Previous studies reported that lowering lipid levels with non-statin therapies as compared with placebo or control therapy reduced the rate of coronary events but not the rate of stroke.18 The discrepancy between their results and ours could have been due to the lower absolute rate of strokes than of coronary events, the diverse causes of stroke, the relatively young age of the patients in those studies (most of which excluded patients over the age of 70 years, a subgroup that constituted 15 percent of the population in our study), the small overall reduction in cholesterol levels (10 to 11 percent, as compared with approximately 18 percent in our study), and the small number of strokes.

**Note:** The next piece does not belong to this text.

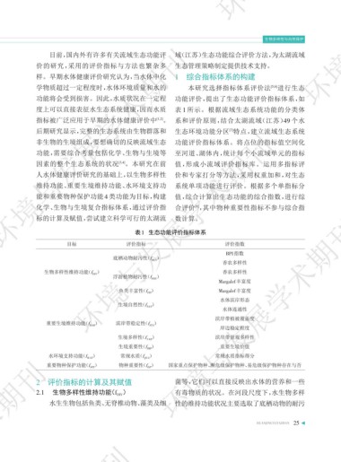 功能将会受到损害。因此,水质状况在一定程 功能评价,提出了生态功能评价指标体系,如

Post hoc analysis of the Scandinavian Simvastatin Survival Study showed that simvastatin, as compared with placebo, was associated with a lower incidence of the combined end point of stroke and transient ischemic attack (28 percent relative reduction [3.4 percent vs. 4.6 percent], P=0.03) over a period of 5.4 years in patients with coronary heart disease (mean age, 58.1 years) and with cholesterol levels of 213 to 309 mg per deciliter (5.5 to 8.0 mmol per liter).19,20 The incidence of stroke alone was nonsignificantly lower with simvastatin (reduction in risk, 22 percent; 95 percent confidence interval, 9 to 44 percent), and the rate of aspirin use was low (37 percent of patients at base line and 55 percent at the completion of the study). In a prespecified analysis of the Cholesterol and Recurrent Events (CARE) Study, 132 patients had strokes, and pravastatin reduced the incidence of stroke by 32 percent over a period of five years as compared with placebo (2.6 percent vs. 3.8 percent, P<0.03) in patients who had had an infarction (mean age, 59 years) and who had average plasma total cholesterol levels at base line of less than 240 mg per deciliter (6.2 mmol per liter). Eighty-three percent of the patients in the CARE Study were taking aspirin at base line.11,21
The results of several meta-analyses of trials of statins, in which there were a total of 454 strokes, have been reported.10,18,22,23 Use of statins was associated with a significantly lower rate of stroke (24 to 32 percent lower) in secondary-prevention trials18,22 and a nonsignificantly lower rate (15 to 20 percent lower)18,22 in primary-prevention trials.
In the LIPID study, there were 419 confirmed strokes, and the strokes were prospectively classified according to type. The reduction in the rate of strokes was consistent among the categories of ischemic stroke, including lacunar infarcts. The number of patients with hemorrhagic stroke was small (28), and thus no conclusions with respect to this type of stroke can be drawn from our data.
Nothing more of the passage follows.